First off a few personal items which I have been neglecting for the past few days. My daughter and son received their progress reports (they were called report cards when I was in school but now they are known as progress reports) last week. My daughter who has been labeled a "nerd" by her aunt received an extremely favorable progress report. She is in the second grade and they are not given A's, B's, C's, D's or F's they are given 1's (not so good), 2's (better) and 3's (best). She received nothing but 3's and 2+'s hence earning the nickname from her beloved aunt.
I hope she stays a nerd throughout her academic years. A "nerd" is a good nickname as long as she keeps getting progress reports like the ones she has been receiving. I think my daughter will be a "cool nerd" when she is in High School as long as she gets over her need to be perfect. This is another story for another time.
My son who is only in pre-school; he will start kindergarten in the Fall received his progress report as well. This was more of an informal meeting with his pre-school teacher than my daughter's progress report but was also very good. I am not so sure we will ever label my son a "nerd" in the coming years but his teacher had nothing but good things to say about him. One of the compliments he received from his teacher was how good a listener he is.
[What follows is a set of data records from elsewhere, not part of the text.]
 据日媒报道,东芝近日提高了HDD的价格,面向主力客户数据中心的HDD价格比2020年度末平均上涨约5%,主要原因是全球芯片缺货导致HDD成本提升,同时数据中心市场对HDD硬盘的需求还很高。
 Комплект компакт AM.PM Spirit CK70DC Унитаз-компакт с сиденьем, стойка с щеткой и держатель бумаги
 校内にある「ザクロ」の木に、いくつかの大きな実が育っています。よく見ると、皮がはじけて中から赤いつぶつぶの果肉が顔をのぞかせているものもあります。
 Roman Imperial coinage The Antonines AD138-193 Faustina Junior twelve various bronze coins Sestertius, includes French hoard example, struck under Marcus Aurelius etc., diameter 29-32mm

This was shocking to my wife and me because he must leave all his listening skills at school. At home he will listen after the second and sometimes third time we tell him to do something. So when his teacher told us this we were amazed. We asked her if she had the right child. She assured us it was Jonathan and she has even used him as an example of what to do for the other children. This was truly amazing and I am so blessed to have two wonderful children.
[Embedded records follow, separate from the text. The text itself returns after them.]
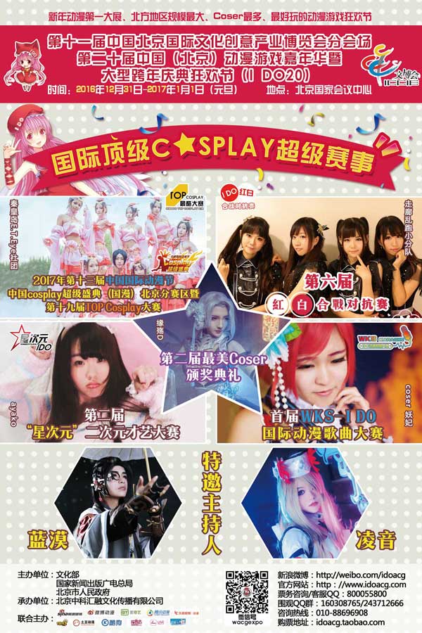 IDO娘喊你来IDO看最顶级的大赛啦~2017年第十三届中国国际动漫节中国cosplay超级盛典(国漫)北京分赛区暨第十九届TOP Cosplay大赛;第二届“星次元”──二次元才艺大赛;首届WKS-I DO国际动漫歌曲大赛;第六届红白合战对抗赛!百余团队!2000余名COSER!青春热血,等你来战!!!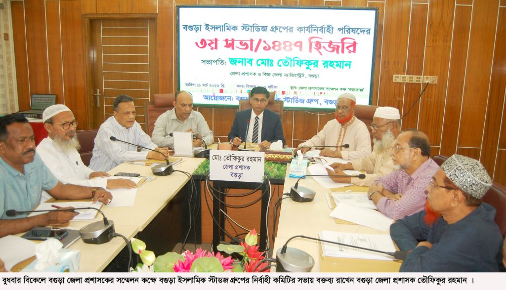 বগুড়া সংবাদ : বুধবার বিকেলে বগুড়া জেলা প্রশাসকের সম্মেলন কক্ষে বগুড়া ইসলামিক স্টাডজ গ্রুপের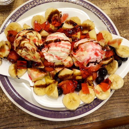 Desserts - Triple Sundae - Delicious. A combination of 3 flavours of icecream and fruits.. Royal Falooda - Okish Caramel Custard - Good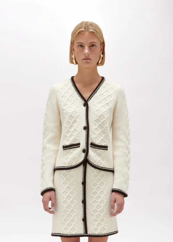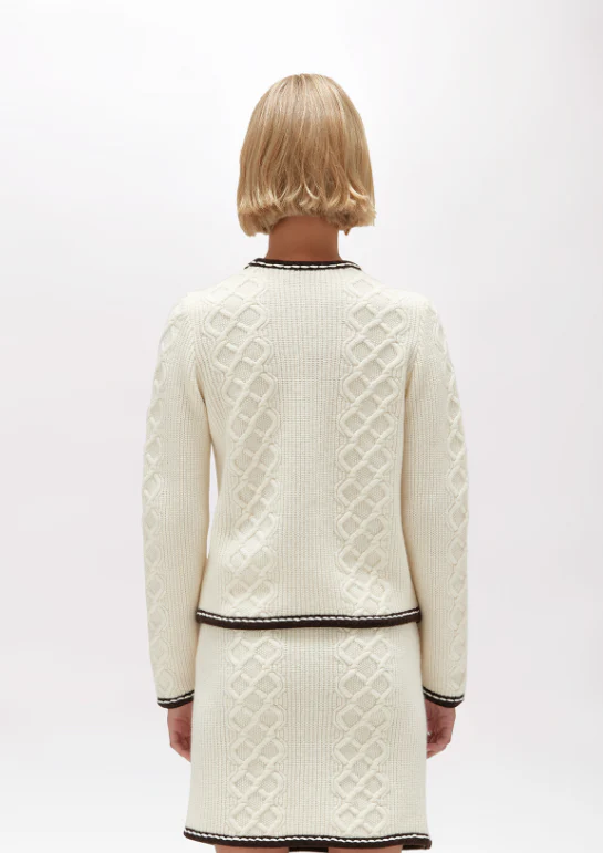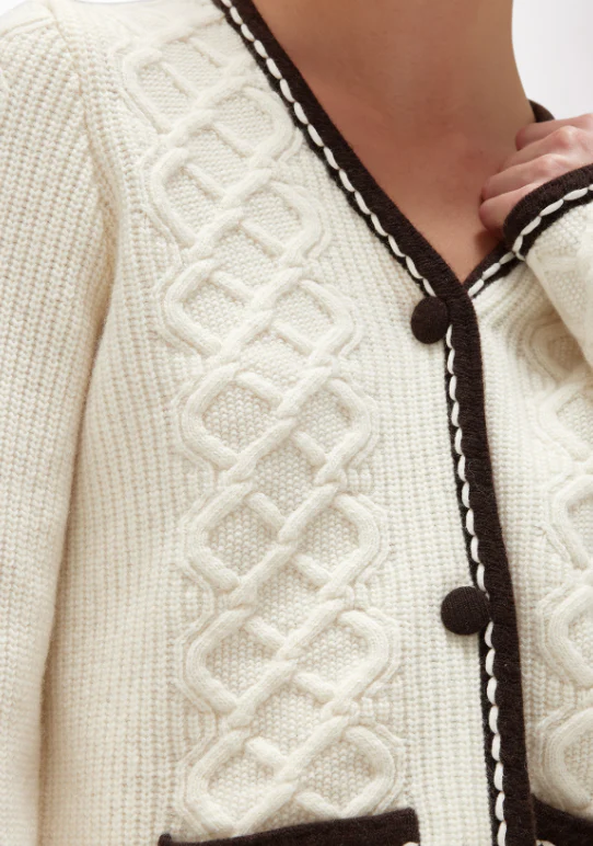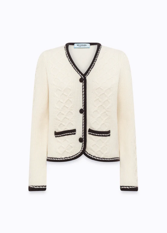 Cardigan in misto lana con profili in contrasto colore, scollo a V, maniche lunghe, chiusura con bottoni effetto loden, tasche davanti, colore bianco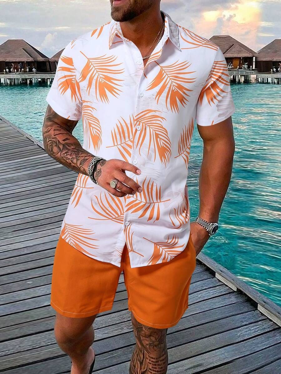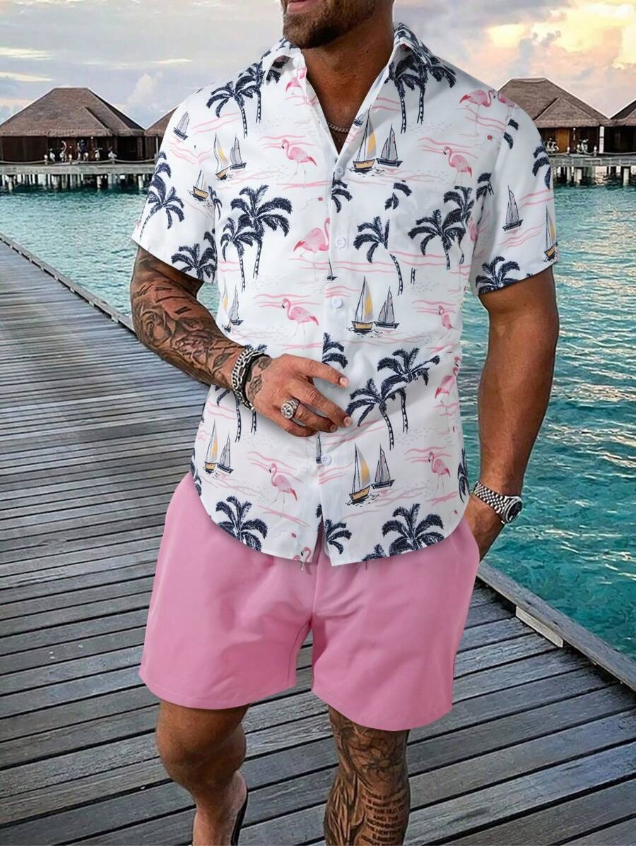 Men's Coconut Tree Print Beach Travel Shirt Shorts Set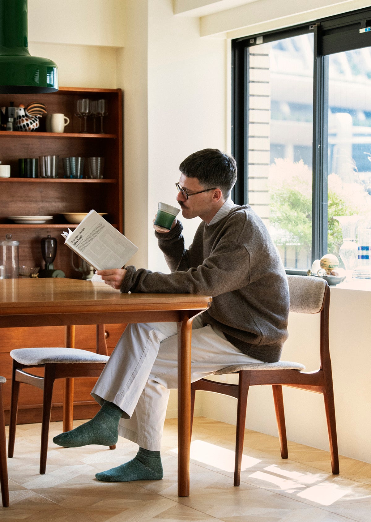 ハリのある和紙の糸を使い、内側をパイル編みすることで、シャリッとした清涼感のある履き心地に仕上げた“WASHI PILE CREW SOCKS”。紙幣にも使われるマニラ麻を主原料とする和紙は、軽くて頑丈なだけでなく、吸水・放湿性にも優れた天然の機能素材。通常パイル編みすることが困難な和紙の糸を、特殊な編み機と卓越した職人の技術によって特別な一足に仕上げました。

I have to be very careful of how I present my "going away" to my children because I don't want to ruin their beautiful lives. I know there will be some bumpy roads but I do know my wife will continue the positive reinforcement while I am away. Yes, I will miss a few firsts and it really pains me to think of this; however; I will truly be there for them when my time is up. I will truly be there for them over their lifetime. There will be no more distractions, no more lying and no more pretending. I am a better father because of what has happened and I fully intend on becoming better and better as each day passes no matter where I spend the next few years.
I couldn't have asked for a better family. All I ever need is right in front of me. Yes, I did some incredibly stupid things without thinking of the consequences and I will pay for those stupid things and rightfully so. We live in a civilized society and people should act civilized at all times. I did not act civilized and will be punished for those actions. I do know I have some powerful tools to get me through each and every day. Those powerful are just as effective on the outside as they are on the inside as long as I keep those principles a part of my daily affairs. My future is uncertain but as long as I live today with a positive purpose and look to my Higher Power for guidance life today gets better which will make my future that much better.
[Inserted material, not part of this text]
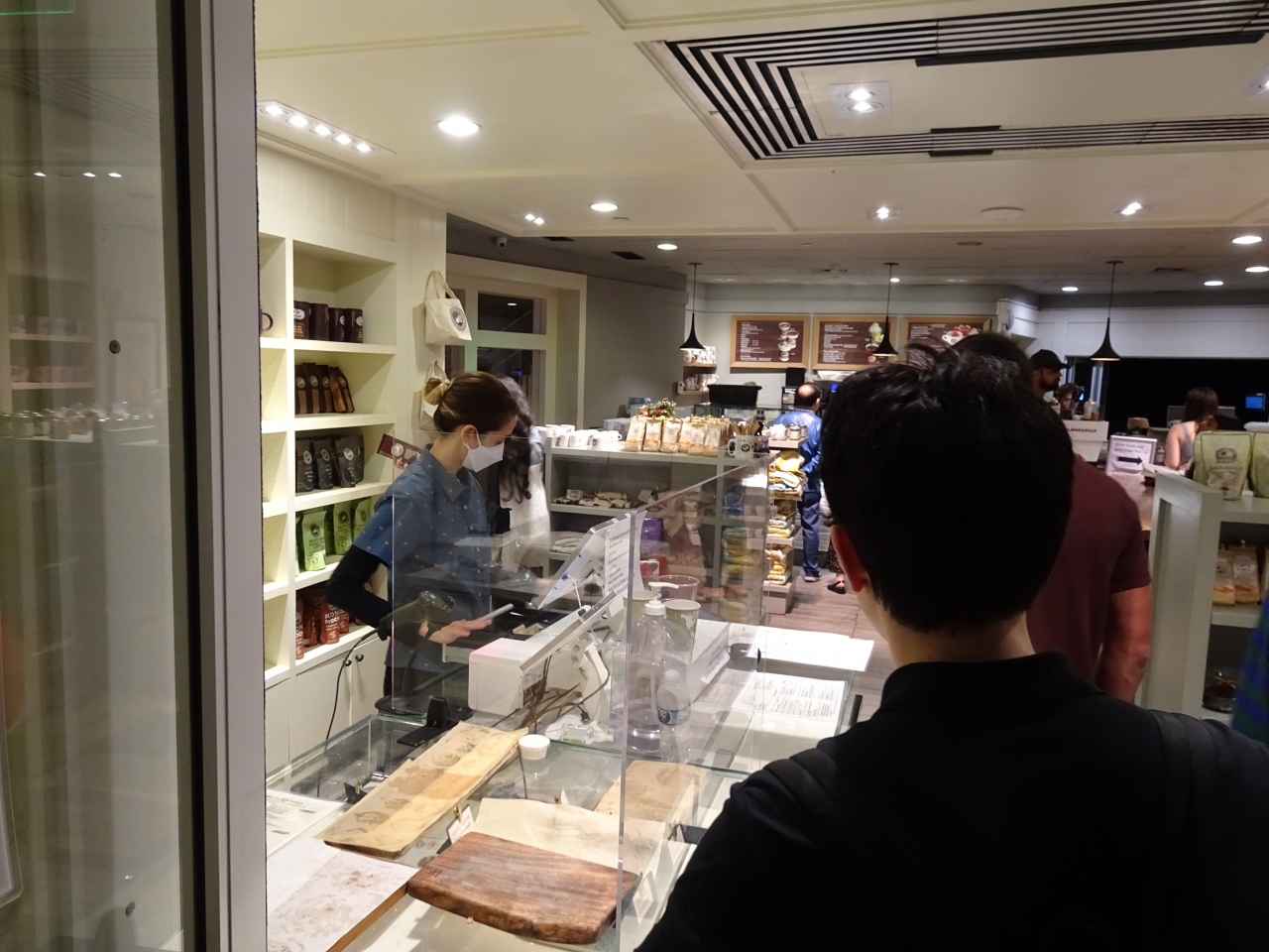 ハワイはコナコーヒーをはじめ、コーヒーを生産している地域です。このコーヒーショップは、ハワイに何店舗かあるチェーンのコーヒー屋さんで、とても美味しいコナコーヒーを提供してくれます。入った時は夜で、たまたま席が空いていましたが、混雑していて、レジにお客さんは途切れませんでした。

Earlier today I had a conversation with a very prominent psychiatrist in the field of compulsive gambling. This man has been a leader in the field for over 30 years and as I explained my situation to him I felt very uneasy. I did not meet him face to face which may have made me more comfortable I spoke with him over the telephone. I spoke for about 15 minutes and did not receive a great of feedback which made me feel very uncomfortable. This is one of my character defects; I have a need to be liked by everyone and I feel everyone should like me. Let's face it there are many people who don't like me and may never like me because of the things I have done. However; when I was faced with this silence by the psychiatrist I realized I have a great deal of work to do on this character defect.
I know people will either like me or won't like me and that is life but there is something inside of me that needs to be liked. Where does this come from? I am not sure and will continue to search for answers to this question. For the time being I will continue to be aware of this character defect and won't do anything detrimental to act on this character defect like say or do the wrong thing in order to be liked. In the past I would do or say anything to be liked and I still have some of this inside me but the difference now is that I am aware of this character defect. Being aware of a character defect is the first step for me in getting rid of this character defect but I still have a long way to go.
As the conversation went on I felt a little more comfortable with myself and the psychiatrist. The psychiatrist had asked me if I get any urges to gamble and I responded no. I went on to tell him how I have immersed myself in Gamblers Anonymous and I am truly working the Program so I don't get any urges. He told me this was a very good thing and I was doing very well in my recovery. I thought a little more about why I didn't have any urges and I thought of the other times I had stopped gambling.
In the other times I had stopped gambling there was no recovery just abstinence. Now I have recovery and intend on having recovery in my life for the rest of my life. This may seem like a daunting task for some people but I need to have recovery or I am destined to make those same mistakes again. Only the next time (with the help of GA and my Higher Power there won't be a next time) will truly be the last time because it will lead to a very lonely death. We have a fabulous member in GA who always states they are a grateful compulsive gambler and I would have to second this because I am a blessed and grateful compulsive gambler.